## PROBLEM DESCRIPTION
Return, word for word, the lines of the listing below from the one with "Olchis freuen sich, wenn" through the one with "Весь процесс ухода", and no other lines.

## INFORMATION
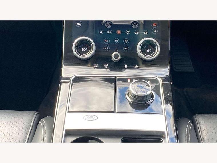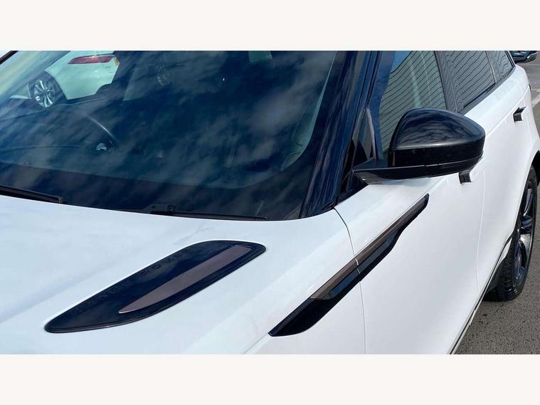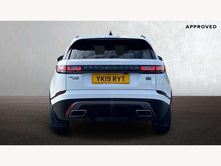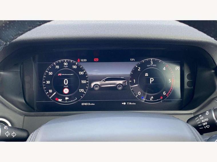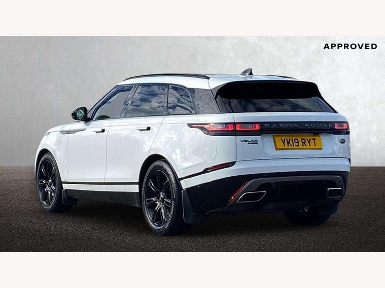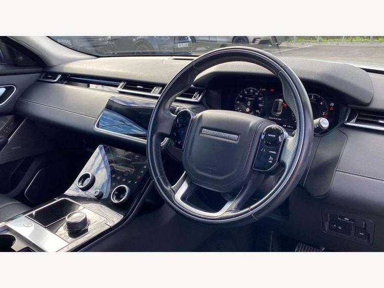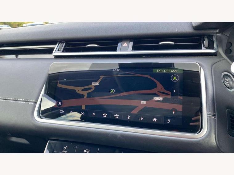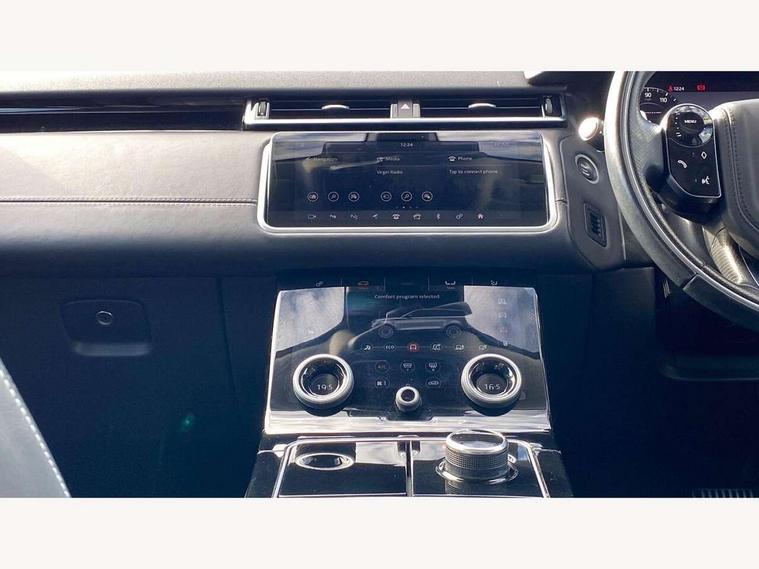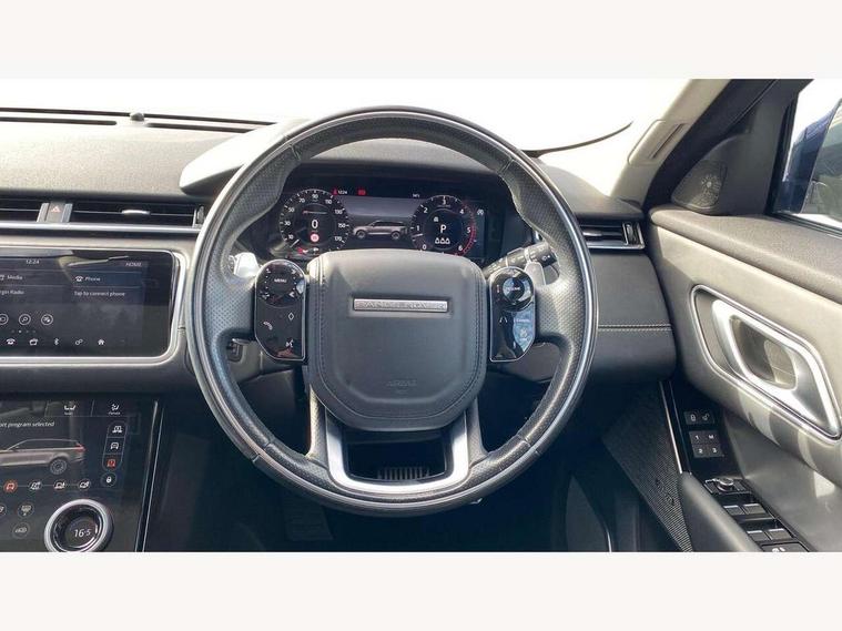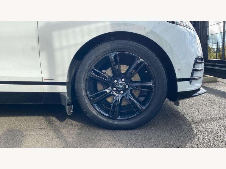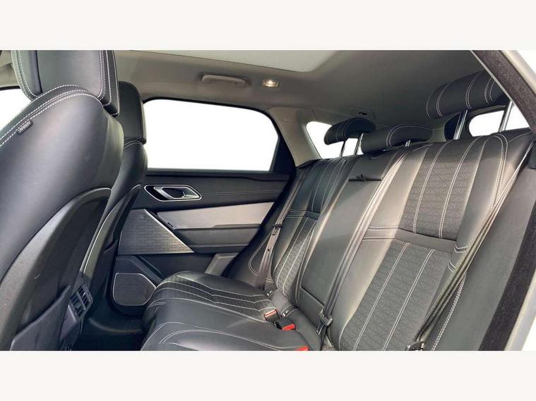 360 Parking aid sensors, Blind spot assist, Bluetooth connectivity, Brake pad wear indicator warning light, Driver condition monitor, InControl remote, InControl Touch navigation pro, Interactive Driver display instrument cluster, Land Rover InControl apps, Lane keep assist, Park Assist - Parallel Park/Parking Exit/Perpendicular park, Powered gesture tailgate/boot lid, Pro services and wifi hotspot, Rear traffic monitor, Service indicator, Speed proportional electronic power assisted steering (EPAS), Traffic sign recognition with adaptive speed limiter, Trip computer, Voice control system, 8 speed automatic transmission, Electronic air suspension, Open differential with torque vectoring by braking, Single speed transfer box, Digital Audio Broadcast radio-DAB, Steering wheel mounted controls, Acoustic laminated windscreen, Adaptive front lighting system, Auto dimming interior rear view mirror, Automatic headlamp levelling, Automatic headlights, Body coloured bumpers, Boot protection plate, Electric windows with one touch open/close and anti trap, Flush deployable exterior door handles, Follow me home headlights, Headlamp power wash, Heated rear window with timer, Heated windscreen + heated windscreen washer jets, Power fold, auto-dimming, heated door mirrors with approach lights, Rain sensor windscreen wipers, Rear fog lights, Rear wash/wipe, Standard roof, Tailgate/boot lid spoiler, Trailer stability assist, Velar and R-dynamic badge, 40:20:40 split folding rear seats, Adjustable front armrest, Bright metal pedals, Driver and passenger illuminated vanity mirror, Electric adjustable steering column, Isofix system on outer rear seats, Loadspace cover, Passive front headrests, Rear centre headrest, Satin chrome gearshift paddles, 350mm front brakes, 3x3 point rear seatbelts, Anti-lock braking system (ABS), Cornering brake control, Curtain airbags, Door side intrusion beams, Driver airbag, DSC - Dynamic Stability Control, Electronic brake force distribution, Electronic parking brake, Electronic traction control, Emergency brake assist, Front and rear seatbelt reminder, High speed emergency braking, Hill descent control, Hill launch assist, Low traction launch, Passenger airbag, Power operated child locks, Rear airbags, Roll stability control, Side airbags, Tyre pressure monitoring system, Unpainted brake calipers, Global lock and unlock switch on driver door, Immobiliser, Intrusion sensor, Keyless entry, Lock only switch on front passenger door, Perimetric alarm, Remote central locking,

--

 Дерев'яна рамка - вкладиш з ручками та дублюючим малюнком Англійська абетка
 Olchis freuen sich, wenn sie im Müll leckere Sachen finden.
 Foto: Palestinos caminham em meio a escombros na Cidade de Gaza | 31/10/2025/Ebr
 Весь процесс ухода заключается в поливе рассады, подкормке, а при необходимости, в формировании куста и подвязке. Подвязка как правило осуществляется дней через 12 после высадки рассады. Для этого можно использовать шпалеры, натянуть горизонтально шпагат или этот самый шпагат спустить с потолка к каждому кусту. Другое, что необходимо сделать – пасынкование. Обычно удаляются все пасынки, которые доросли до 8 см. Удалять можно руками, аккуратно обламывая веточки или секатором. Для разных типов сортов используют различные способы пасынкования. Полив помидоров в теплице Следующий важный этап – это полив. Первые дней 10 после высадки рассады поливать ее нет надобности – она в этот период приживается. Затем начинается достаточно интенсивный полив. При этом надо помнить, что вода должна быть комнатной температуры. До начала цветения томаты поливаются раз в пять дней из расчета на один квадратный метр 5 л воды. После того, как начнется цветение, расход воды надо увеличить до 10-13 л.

==

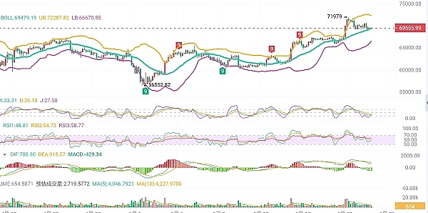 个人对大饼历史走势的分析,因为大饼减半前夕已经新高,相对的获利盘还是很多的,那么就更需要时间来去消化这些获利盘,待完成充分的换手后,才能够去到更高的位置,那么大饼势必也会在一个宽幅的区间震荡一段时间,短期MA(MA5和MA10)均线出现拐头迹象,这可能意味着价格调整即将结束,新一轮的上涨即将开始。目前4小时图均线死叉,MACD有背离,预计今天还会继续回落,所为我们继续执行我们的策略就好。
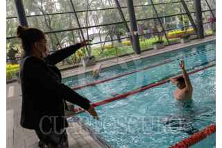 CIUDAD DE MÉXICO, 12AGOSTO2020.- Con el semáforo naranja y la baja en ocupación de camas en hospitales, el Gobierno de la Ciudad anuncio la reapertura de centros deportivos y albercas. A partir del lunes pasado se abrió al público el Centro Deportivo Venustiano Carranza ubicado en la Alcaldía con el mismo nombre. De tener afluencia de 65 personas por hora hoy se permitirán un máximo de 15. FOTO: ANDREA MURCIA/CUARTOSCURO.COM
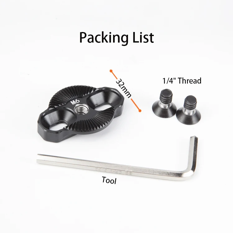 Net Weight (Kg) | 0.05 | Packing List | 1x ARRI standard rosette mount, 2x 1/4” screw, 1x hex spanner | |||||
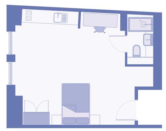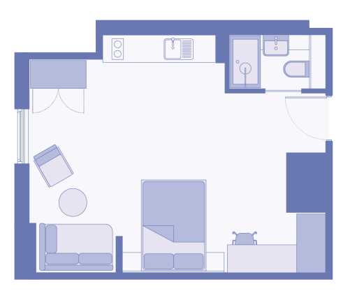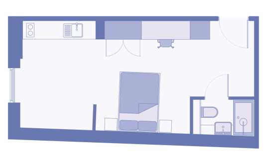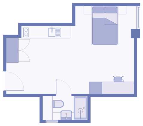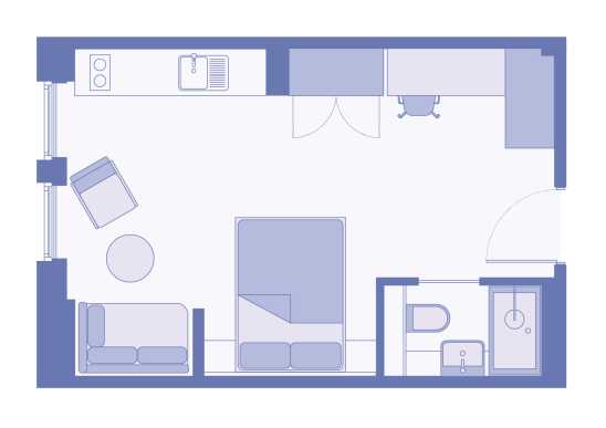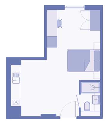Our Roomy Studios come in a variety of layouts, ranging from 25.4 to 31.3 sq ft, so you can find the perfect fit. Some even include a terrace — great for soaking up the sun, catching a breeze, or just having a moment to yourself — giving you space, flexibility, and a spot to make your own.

## YOUR SOLUTION
 Olchis freuen sich, wenn sie im Müll leckere Sachen finden.
 Foto: Palestinos caminham em meio a escombros na Cidade de Gaza | 31/10/2025/Ebr
 Весь процесс ухода заключается в поливе рассады, подкормке, а при необходимости, в формировании куста и подвязке. Подвязка как правило осуществляется дней через 12 после высадки рассады. Для этого можно использовать шпалеры, натянуть горизонтально шпагат или этот самый шпагат спустить с потолка к каждому кусту. Другое, что необходимо сделать – пасынкование. Обычно удаляются все пасынки, которые доросли до 8 см. Удалять можно руками, аккуратно обламывая веточки или секатором. Для разных типов сортов используют различные способы пасынкования. Полив помидоров в теплице Следующий важный этап – это полив. Первые дней 10 после высадки рассады поливать ее нет надобности – она в этот период приживается. Затем начинается достаточно интенсивный полив. При этом надо помнить, что вода должна быть комнатной температуры. До начала цветения томаты поливаются раз в пять дней из расчета на один квадратный метр 5 л воды. После того, как начнется цветение, расход воды надо увеличить до 10-13 л.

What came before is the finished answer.